EXTRACTED DATA:
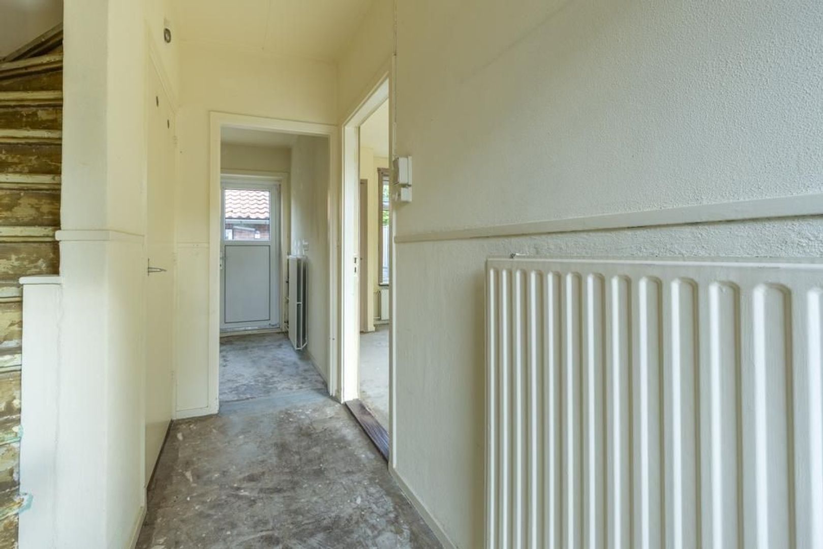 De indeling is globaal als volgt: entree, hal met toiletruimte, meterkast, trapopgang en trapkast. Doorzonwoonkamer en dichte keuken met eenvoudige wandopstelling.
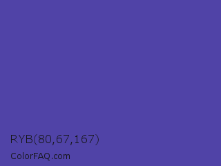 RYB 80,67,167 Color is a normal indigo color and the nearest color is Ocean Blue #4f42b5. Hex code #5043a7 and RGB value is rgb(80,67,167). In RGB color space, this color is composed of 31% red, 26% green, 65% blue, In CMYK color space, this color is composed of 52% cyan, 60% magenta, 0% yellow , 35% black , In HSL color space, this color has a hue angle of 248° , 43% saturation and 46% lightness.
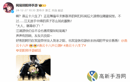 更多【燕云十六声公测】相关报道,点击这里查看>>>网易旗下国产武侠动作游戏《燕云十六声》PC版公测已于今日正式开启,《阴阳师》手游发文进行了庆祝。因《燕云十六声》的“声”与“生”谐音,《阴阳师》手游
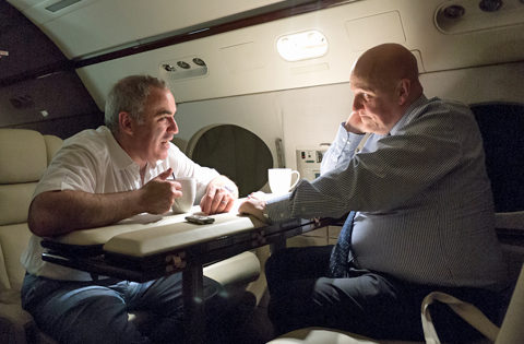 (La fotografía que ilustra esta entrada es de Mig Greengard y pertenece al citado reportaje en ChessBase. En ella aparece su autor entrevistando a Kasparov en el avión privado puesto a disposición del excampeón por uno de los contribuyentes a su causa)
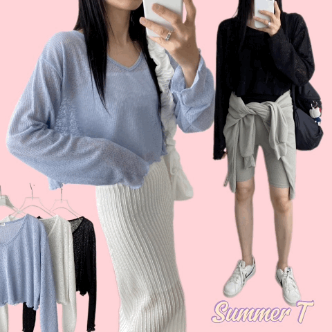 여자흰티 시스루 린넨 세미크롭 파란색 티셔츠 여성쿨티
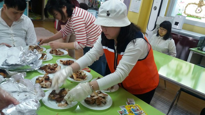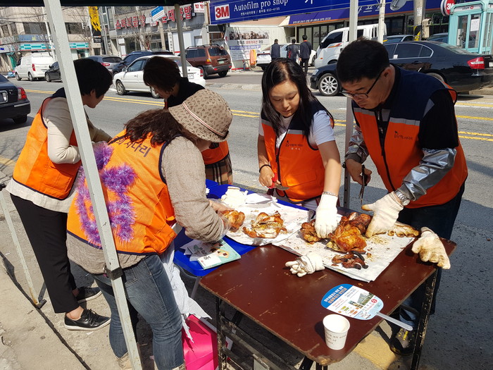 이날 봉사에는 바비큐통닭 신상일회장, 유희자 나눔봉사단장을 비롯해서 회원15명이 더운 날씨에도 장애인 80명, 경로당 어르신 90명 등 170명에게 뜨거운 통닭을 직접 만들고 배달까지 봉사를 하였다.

...

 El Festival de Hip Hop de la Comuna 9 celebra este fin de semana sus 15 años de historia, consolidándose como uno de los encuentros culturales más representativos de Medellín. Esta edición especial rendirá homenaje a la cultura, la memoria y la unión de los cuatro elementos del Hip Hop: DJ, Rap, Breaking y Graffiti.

EXERCISE DIRECTIONS:
Reproduce exactly, with no pictures, the lines above from the one holding "여자흰티 시스루 린넨 세미크롭 파란색 티셔츠 여성쿨티" to the one holding "이날 봉사에는 바비큐통닭", inclusive.

EXPECTED ANSWER:
 여자흰티 시스루 린넨 세미크롭 파란색 티셔츠 여성쿨티
 이날 봉사에는 바비큐통닭 신상일회장, 유희자 나눔봉사단장을 비롯해서 회원15명이 더운 날씨에도 장애인 80명, 경로당 어르신 90명 등 170명에게 뜨거운 통닭을 직접 만들고 배달까지 봉사를 하였다.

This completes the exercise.